The Tragic Deaths Of Refugee Children At Sea Haven’t Stopped

Photo: Santi Palacios/AP Photo.
The photo of a lifeless Syrian toddler who drowned as his family tried to cross the Mediterranean Sea last September shocked the world. The graphic image, shared widely by media outlets across the globe, sparked sharp calls for action to help refugee families. But nearly six months after young Aylan Kurdi's death, roughly two children a day are dying at sea, according to leading humanitarian aid officials — and the drownings are happening at an even higher rate than before. More than 340 children have died while crossing the eastern Mediterranean since September, the Office of the U.N. High Commissioner for Refugees, the U.N. Children's Fund, and the International Organization for Migration said in a joint statement Friday. That figure, which breaks down to an average of two drownings a day, includes many babies and toddlers. “These tragic deaths in the Mediterranean are unbearable and must stop,” U.N. High Commissioner for Refugees Filippo Grandi said in the statement. Subpar boats and life jackets, rough winter conditions, and continued demand for crossings — an estimated 80,000 refugees and migrants have attempted the journey since the start of 2016 —contribute to the high death roll. Officials estimate that more than a third of those making the journey are children. The three agency heads called for changes to make the process of seeking asylum in Europe less dangerous for families.

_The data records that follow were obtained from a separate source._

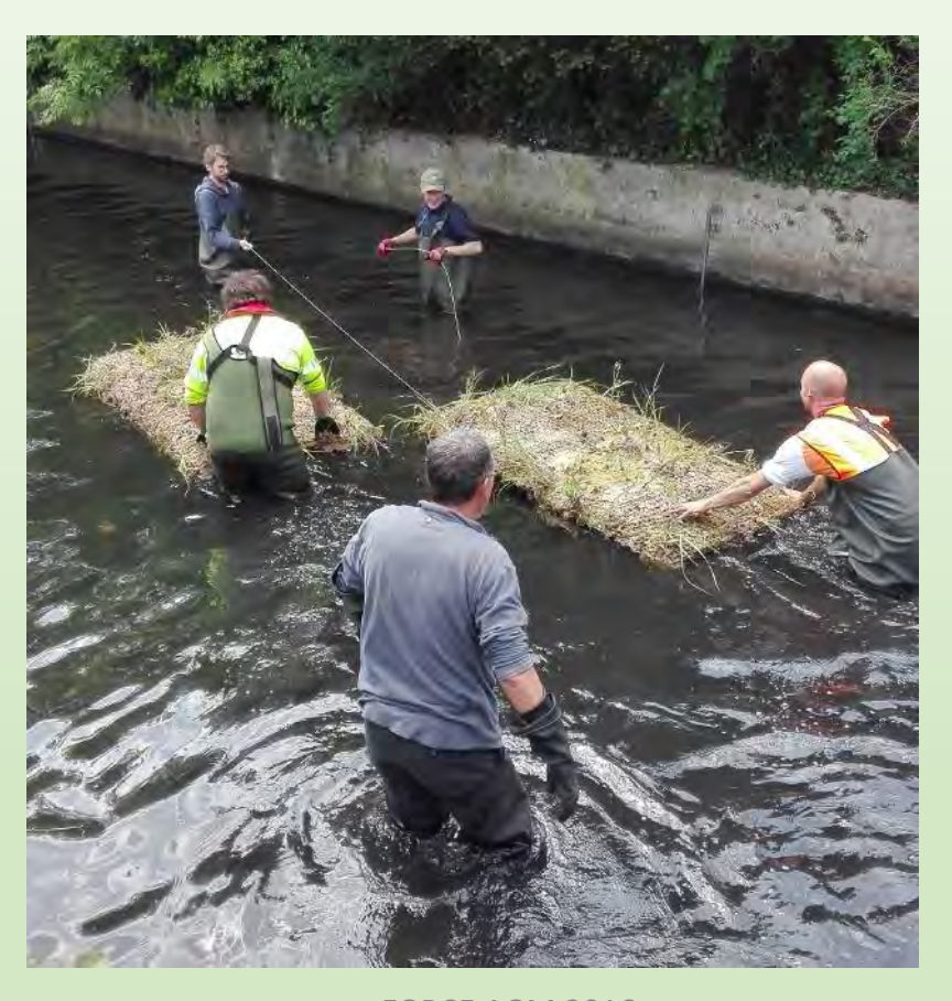
FORCE AGM 2016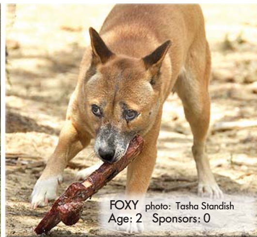
FOXY photo: Tasha Standish Age: 2 Sponsors: 0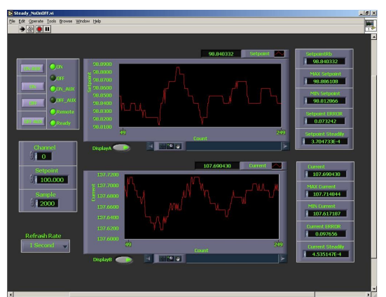
Figure 6. On-line test with a prototype power supply

During on-line testing, we found the LabVIEW program can be only running in a lower rate because of the serial limited communication rate.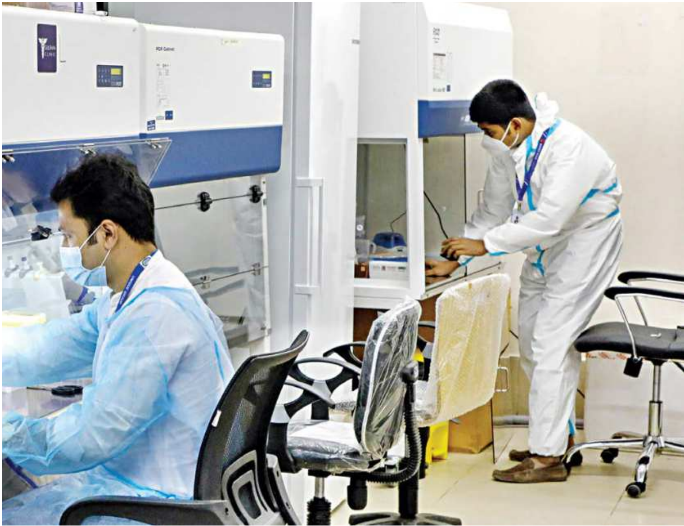
Health workers testing samples at the RT-PCR lab at Hazrat Shahjalal International Airport yesterday. The lab was set up after the UAE made it mandatory for arriving passengers to have been tested for Covid-19 six hours before boarding the plane. The UAE approved operations of the RT-PCR laboratories at the Dhaka airport.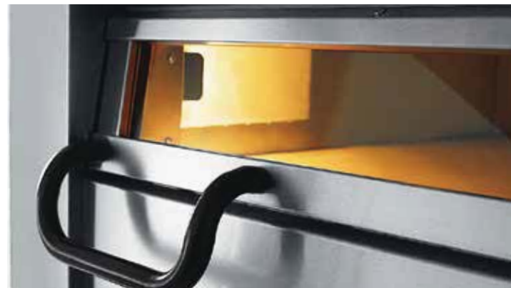
Robust, smoothly-opening door with large window and ergonomic handles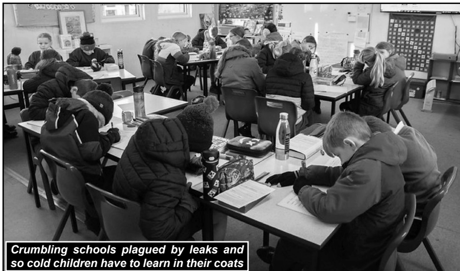
Crumbling schools plagued by leaks and so cold children have to learn in their coats

up by past and present inflation. Anyway, after years of underfunding in education it isn't even a drop in the ocean of need.

High-level meetings on the topic are set to take place in Geneva in late March. “We cannot turn our faces away from the tragedy of so many innocent young lives and futures lost — or fail to address the dangers so many more children are facing,” UNICEF Executive Director Anthony Lake said in a statement. “We may not have the ability now to end the desperation that causes so many people to try to cross the sea, but countries can and must cooperate to make such dangerous journeys safer. No one puts a child in a boat if a safer option is available.”